Debido a que este método determina las células unidas a anticuerpos que bloquean la DP-1 utilizando sangre periférica de los pacientes, se puede identificar el subconjunto específico responsable de los efectos antitumorales y los eventos adversos relacionados con el sistema inmunitario. Este método sólo necesita una pequeña cantidad de muestra de sangre y el proceso de análisis es bastante simple y rápido. Sólo necesita una máquina de citometría de flujo.
Para comenzar, recoja muestras de sangre entera en tubos de recolección de sangre que contengan EDTA. Tratar cada tubo de citometría de flujo de poliestireno redondo de cinco mililitros con un mililitro de suero bovino 2% fetal en PBS. Vórtice durante 10 segundos.
A continuación, transfiera 20 microlitros de muestras de sangre entera a los tubos inferiores redondos de cinco mililitros tratados. Añadir 20 microlitros de 2%FBS en PBS y 10 microlitros de reactivo de bloqueo de receptores FC específicos para humanos. Mezclar bien e incubar durante 15 minutos a temperatura ambiente.
A continuación, agregue 500 microlitros de tampón de lyis de glóbulos rojos. Mezclar bien e incubar durante 10 minutos a temperatura ambiente. Añadir cuatro mililitros de 2%FBS en PBS y girar las células hacia abajo a 400 veces g durante cinco minutos a cuatro grados Celsius.
Retire el sobrenadante por aspiración. Repita el proceso de lavado y aspiración. Resuspender las células en 100 microlitros de 2%FBS en PBS y dividir en dos tubos de 50 microlitros cada uno.
Agregue anticuerpos marcadores de superficie. Mezclar bien e incubar durante 20 minutos a temperatura ambiente en la oscuridad. Lave las muestras dos veces en 2%FBS en PBS como anteriormente.

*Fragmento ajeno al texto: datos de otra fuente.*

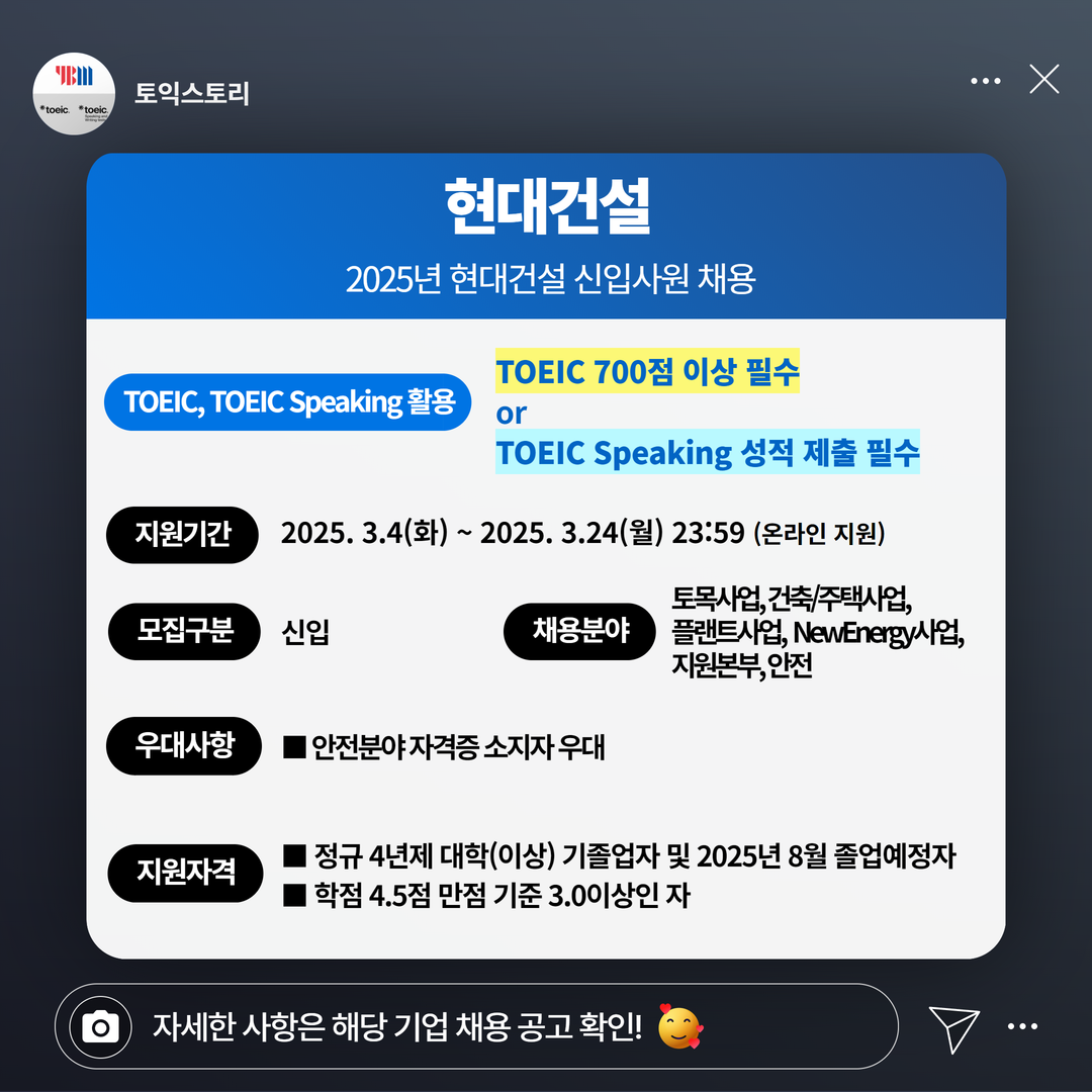 | 현대건설 | 신입 | 2025년 현대건설 신입사원 채용 | 3.24(월) 23:59 | TOEIC 700점 이상 필수 or TOEIC Speaking 성적 제출 필수 |

Resuspender las células en 200 microlitros de 2%FBS en PBS. Inserte los tubos en el citometro de flujo y adquiera las células siguiendo el protocolo recomendado. Registre 10.000 eventos como la puerta de linfocitos y exporte datos de flujo como archivos FCS para su análisis.
Abra archivos en el software de análisis y haga clic en el archivo de control de isotipo para visualizar las celdas en una dispersión hacia delante frente frente a la gráfica de dispersión lateral y linfocitos de puerta. Seleccione celdas individuales utilizando FSCH frente a FSCW y SSCH frente a SSCW y muésquelas en una gráfica CD3 frente a CD8 o CD3 frente a CD4. Ate la puerta de las células T CD8 y las células T CD4 respectivamente.
Seleccione las celdas cerradas y muésquelas en una gráfica PD-1 frente a IgG4 humana. Y luego, en función del control de isotipos, seleccione Q3 para identificar las células T8 y CD4 enlazadas a anticuerpos de bloqueo de PD-1. En este estudio, la estrategia de gating y el análisis de citometría de flujo detectaron la unión de anticuerpos de bloqueo de PD-1 a las células T obtenidas de una gota de sangre periférica del paciente.
La gráfica PD-1 frente a IgG4 humana muestra el estado de unión de los anticuerpos de bloqueo de PD-1 en las células T. Los puntos naranjas y los puntos negros indican la tinción de anticuerpos y isotipos anti-IgG4 respectivamente. Antes de administrar el anticuerpo de bloqueo de PD-1, no había células T CD8 o CD4 positivas IgG4 humanas y se confirmó la expresión de PD-1 mediante un anticuerpo de detección de PD-1.
Después de la administración de nivolumab o pembrolizumab, IgG4 puede detectarse en células T mediante anticuerpos anti-IgG4, mientras que el PD-1 que detecta anticuerpos EH12.1 no reconoce ningún PD-1 en las células T. Las puertas rojas, azules y verdes indican la unión completa, la unión parcial y la pérdida de enlace respectivamente. Después de que los pacientes interrumpieron nivolumab y pembrolizumab, el estado de la unión de anticuerpos de bloqueo de PD-1 a células T CD8 disminuyó.
Hubo un enlace parcial y finalmente la pérdida completa de enlace. Por favor, asegúrese de mezclar la muestra de sangre con la lelisis RBC también. Además, mezclar la lysis RBC antes de la tinción del marcador de superficie es el paso clave en este método.
Si el investigador tiene acceso a una máquina avanzada de citometría de flujo, las células T enlazadas a anticuerpos de bloqueo de PD-1 se pueden evaluar con más y más marcadores relacionados con esta estrategia se puede aplicar para perfilar fenotipos de células T responsables de eventos adversos causados por anticuerpos de bloqueo de PD-1. El muestreo de pacientes con eventos adversos desarrollados es importante para evaluar la utilidad de esta estrategia.